Thursday

Dec. 30, 1999

The Clearing

by Gregory Djanikian

Broadcast Date: THURSDAY: December 30, 1999

Poem: "The Clearing" by Gregory Djanikian from The Man in the Middle published by Carnegie Mellon Press.

It's the birthday in 1865, in Bombay, India, of RUDYARD KIPLING. After an unhappy childhood he was shipped back to England and raised in boarding schools he hated. He returned to India at 17 and began working as a journalist. This gave him license to see nearly anything he wanted to in late-19th-century India, then a part of the British Empire. He began writing stories and poems about it, and between his 22nd and 24th birthdays he published six volumes of short stories, including The Phantom Rickshaw, which contained "The Man Who Would Be King," and Wee Willie Winkie, containing "Baa, Baa, Black Sheep" — two of his best-known stories. By his mid-20s he returned to England and was proclaimed the most famous writer in the land. He won the Nobel Prize for Literature in 1907.

It's the birthday in 1869, Hampshire, England, of Canadian humorist STEPHEN LEACOCK. He taught for 40 years at McGill University in Montreal, most of that time as chairman of the Economics Department; but in summer he moved to the little town of Orillia (or-ILL-yuh), Ontario, and every morning got up at dawn to write for several hours. For nearly four decades he put out a new book of humor a year.

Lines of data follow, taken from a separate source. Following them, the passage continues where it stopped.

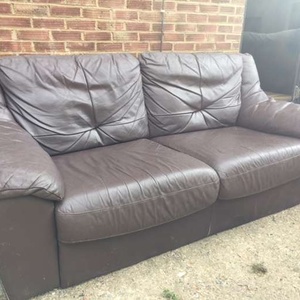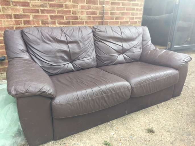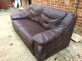 Old but perfectly comfortable free brown leather sofa. Had for 2 years. Only giving up because we bought a new sofa set. Collection only. Dimensions: Height 80cm x Length 184cm x Depth 90cm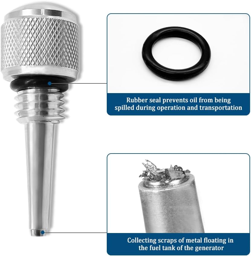 • [Protect your generator] : The aluminum magnetic oil dipstick with rubber ring can capture the natural formation of the fuel tank or accidentally fell into the sediment, and suck out the floating useless metal debris, removing these impurities can extend the service life of the generator. the magnetic stick fit most inverter generator between 1000 and 4000 watts.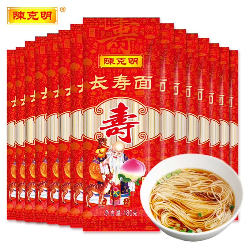 陳克明長寿麺誕生日麺180g喜面贈答老人寿星龍須そうめん細かい包装お返し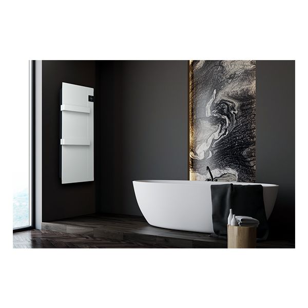 Radiatore scaldasalviette da bagno ONSEN con corpo interamente in metallo, per installazione fissa a parete. Ideale per l'installazione in bagni e luoghi umidi, ha una interfaccia utente digitale e il termostato elettronico per un controllo facile e preciso.

It's the birthday of the poet, novelist, short story writer, and composer, PAUL BOWLES, born in New York City, 1910, best known for his first novel, The Sheltering Sky (1949). On Gertude Stein's advice, he settled in Morocco and lived there for most of his life, writing music for days at a stretch, then short stories which he mailed to Stein who told him he was onto something. Doubleday gave him an advance to write The Sheltering Sky, but when he sent them the manuscript, they were so shocked at the story of two American drifters who lose themselves in the African desert, that they demanded their money back. Most of Bowles' stories go like that: American or European travelers visit a North African civilization they consider inferior to their own, and it destroys them. He died last month in Morocco at age 88 of a heart attack.